The day was bright and still, and the only sounds where she stood on the bank were the echoing calls of the ducks and the plash and splatter of her own enterprise. She dunked and scrubbed and dunked again each of the garments, wringing them out to hang on the sagging lakeside branches until she herself was tented and moved within them like a bedouin.

Her jeans lay neatly folded with her boots nearby and her legs were bare and blotched by the serial ablutions of warming sun and frigid water. The hymn she hummed was the only tune she really knew, the fragmented score to a fading memory of a whitewashed church and hard oak pews and the talcum hand of
a mother whose golden cross hung now slapping lightly at the hollow of her own throat.
When I survey the wondrous cross on which the Prince of glory died, my richest gain I count but loss, and pour contempt on all my pride.

And so she never heard the footsteps.

The hand that grabbed her was calloused and hard, and it yanked her backward and spun her roughly to the ground.

Daddy, don't! Daddy!

But the eyes she saw through the pulsing of her blood were not her father's eyes, or the voice her father's voice.

You dirty little mink, the man breathed softly, his face streaked and flushed. He fumbled at the knot that was his belt buckle, and as his pants fell away, his long, pink cock bobbed free.

I'll scream, she whispered, backing in the dirt. I swear I will.
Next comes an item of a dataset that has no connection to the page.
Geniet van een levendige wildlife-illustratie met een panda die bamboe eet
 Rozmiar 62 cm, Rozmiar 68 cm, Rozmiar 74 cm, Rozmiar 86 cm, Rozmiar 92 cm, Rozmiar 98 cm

The gold tooth glinted. Go ahead. I'll bet your daddy'd like to hear all about you and that half-pint convict ruttin like spring goats behind his back. You go ahead and call him over here so's I can tell him all about it.
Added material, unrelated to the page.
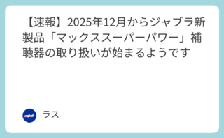 補聴器 【速報】2025年12月からジャブラ新製品「マックススーパーパワー」補聴器の取り扱いが始まるようです
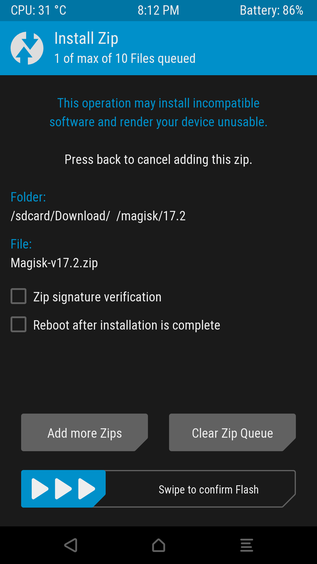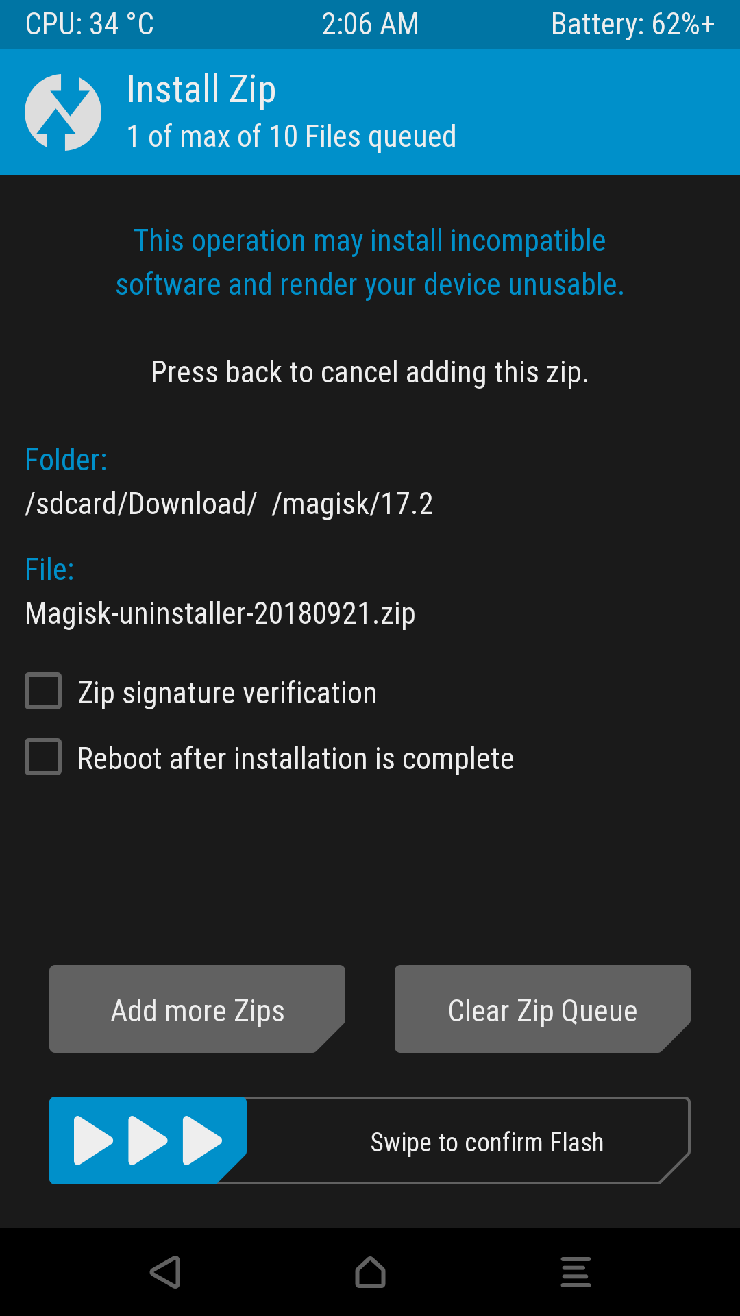 手机关机进入recovery,按照1.1的步骤刷入magisk版本对应的magisk-uninstaller卸载包(刷入文件选择magisk-uninstaller)

He dropped to his knees grabbing at her ankles. She kicked and tried to rise, but he bulldogged her and dragged her twisting onto her stomach, tearing the thin, white panties loose from her clawing fingers.

Don't. Please.

Don't, please, he sneered, spreading her legs.

She tried to scream but gagged instead on a bitter loam of earth and snot as he gripped her neck and pressed her face into the dirt.
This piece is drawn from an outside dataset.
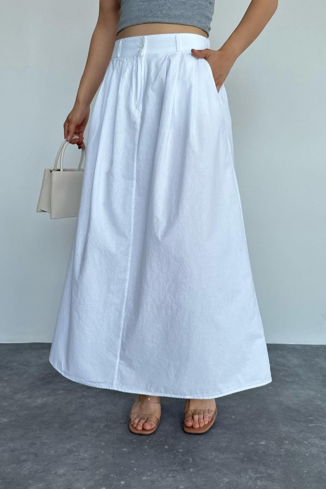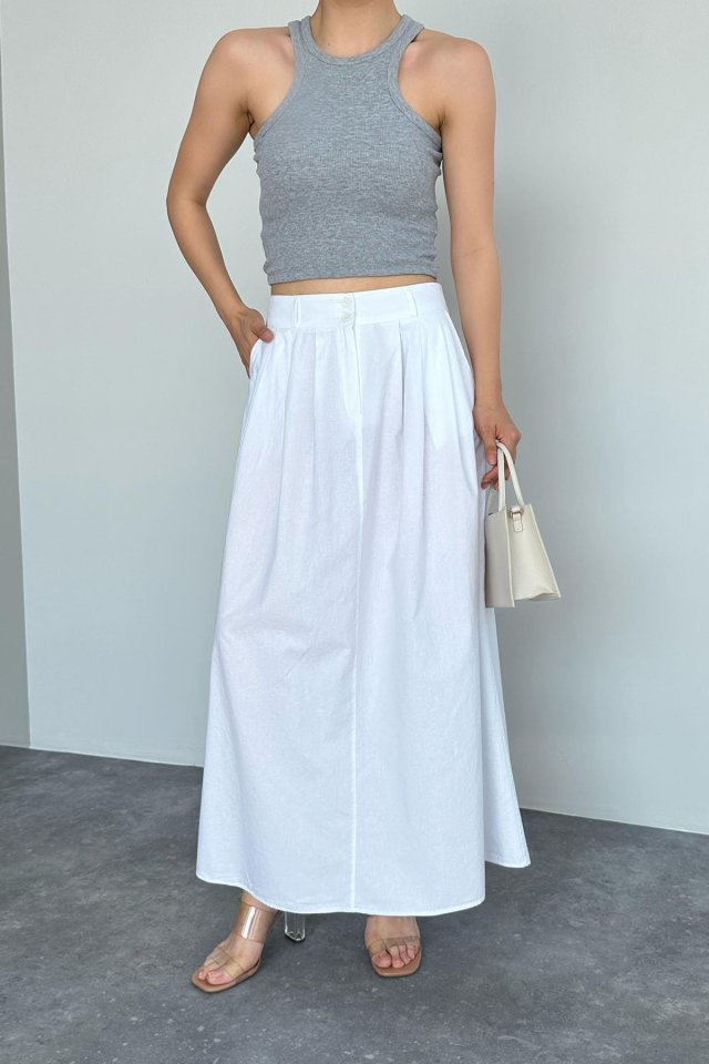 İnce Pileli Düz Etek – Beyaz

The report of the pistol cracked like a whip, echoing across the lake. The rough hands fell away, and Lottie scrambled and
twisted, and only then saw Palmer holding a level bead on the man's back.

You want a new asshole, or you want I should plug the one you already got?

The man lifted both hands slowly. Hold on, neighbor. I didn't mean no harm. We was just havin a little fun is all. Ain't that right, miss?

The crash of footfalls in the woods halted the arc of the pistol Palmer had raised over the kneeling man's head. He glanced over his shoulder, then to Lottie, where she lay wet and dirty and cowering.

You'd best put them drawers back on, he said calmly.

The men, when they arrived, were three in number, her father at the lead. They drew up short in comic unison. Then her father made a wounded sound that was part shout and part whimper, and he threw himself flailing onto the kneeling man's back, his fists windmilling into flesh and bone and earth.

Oww! Shit! Help! The man curled himself tightly, warding off blows with his arms.

The other men watched as her father pounded the man head and ribs and head again until both his fists were bloody and both his arms were too tired to lift. When he slumped to all fours, spent by his efforts, the groaning man rose to a like position, and any discernible difference between victor and vanquished was lost in the shared gasping of breath and the pooling of blood and tears.

Fucking. Bastard.

I didn't. It was him. The man gestured with his bloodied face. Ask the wife. She saw them. Ask her.

When Garrett stood again, Palmer backed a step, reaiming his pistol. I ain't the one with my pants round my ankles.

Garrett, still heaving, looked first to the gun and then to the other men. He unbuckled his belt and drew it from its loops and doubled it in his bloody fist. He brushed past the others and raised the belt high and brought it down with a crack across the cowering girl's legs.